====== Available data

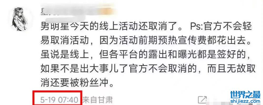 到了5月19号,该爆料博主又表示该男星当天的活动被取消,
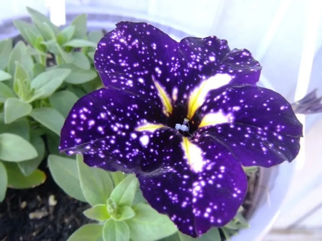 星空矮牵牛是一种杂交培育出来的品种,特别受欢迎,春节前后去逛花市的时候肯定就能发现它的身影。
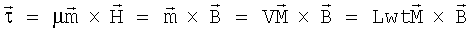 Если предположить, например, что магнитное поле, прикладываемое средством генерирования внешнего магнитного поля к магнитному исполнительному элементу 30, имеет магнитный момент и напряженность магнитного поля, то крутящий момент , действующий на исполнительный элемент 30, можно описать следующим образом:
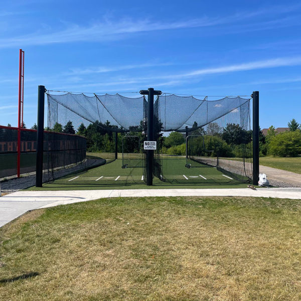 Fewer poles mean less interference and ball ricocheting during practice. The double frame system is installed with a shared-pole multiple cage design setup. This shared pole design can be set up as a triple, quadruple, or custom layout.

============
====== Available data

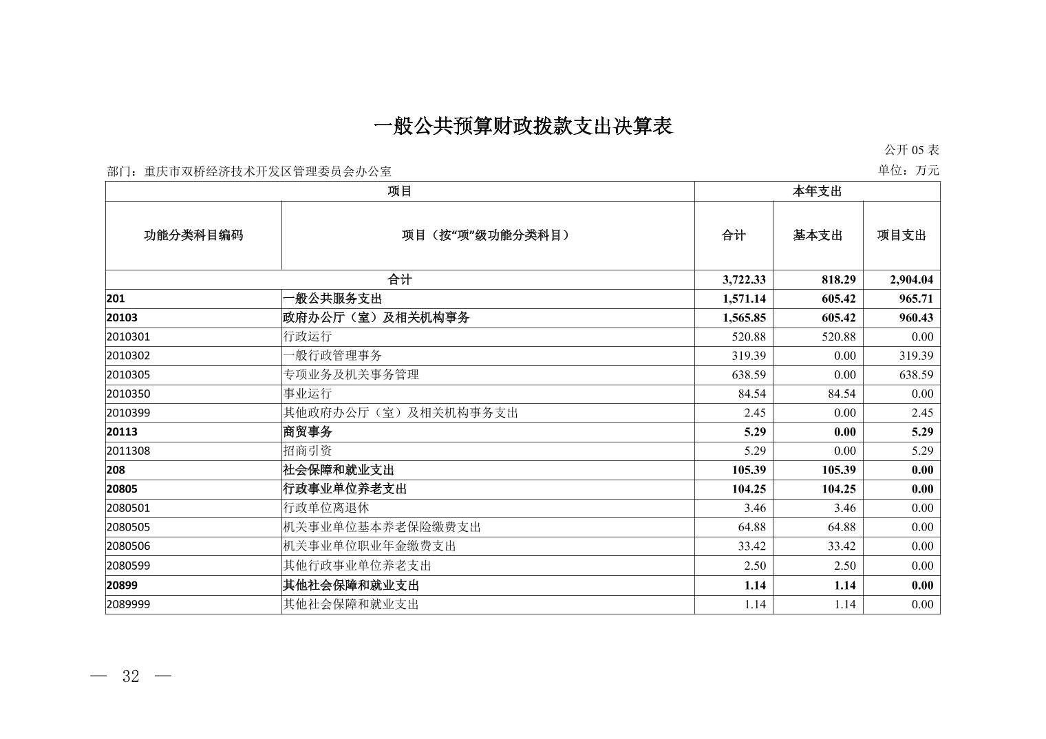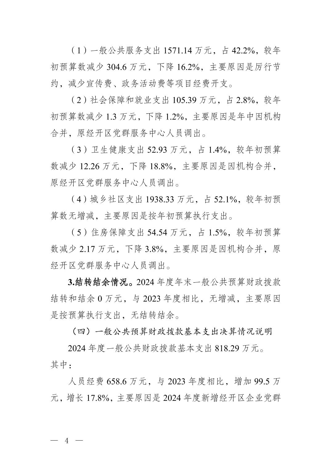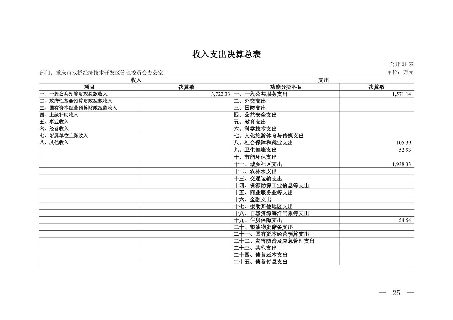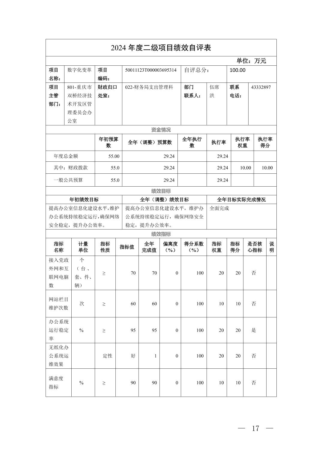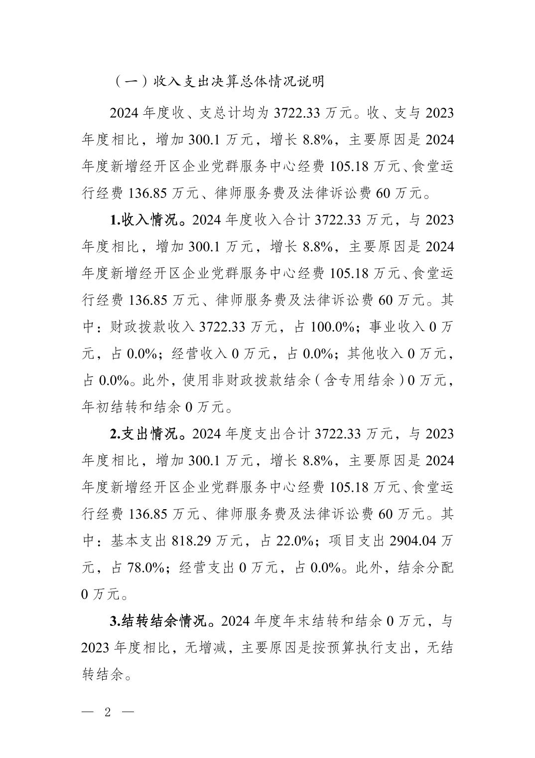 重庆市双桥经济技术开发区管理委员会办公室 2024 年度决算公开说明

============

◆ Description of the task ◆
From the line containing "星空矮牵牛是一种杂交培育出来" through the line containing "Fewer poles mean", copy every line above exactly, without pictures.

◆ Task response ◆
 星空矮牵牛是一种杂交培育出来的品种,特别受欢迎,春节前后去逛花市的时候肯定就能发现它的身影。
 Если предположить, например, что магнитное поле, прикладываемое средством генерирования внешнего магнитного поля к магнитному исполнительному элементу 30, имеет магнитный момент и напряженность магнитного поля, то крутящий момент , действующий на исполнительный элемент 30, можно описать следующим образом:
 Fewer poles mean less interference and ball ricocheting during practice. The double frame system is installed with a shared-pole multiple cage design setup. This shared pole design can be set up as a triple, quadruple, or custom layout.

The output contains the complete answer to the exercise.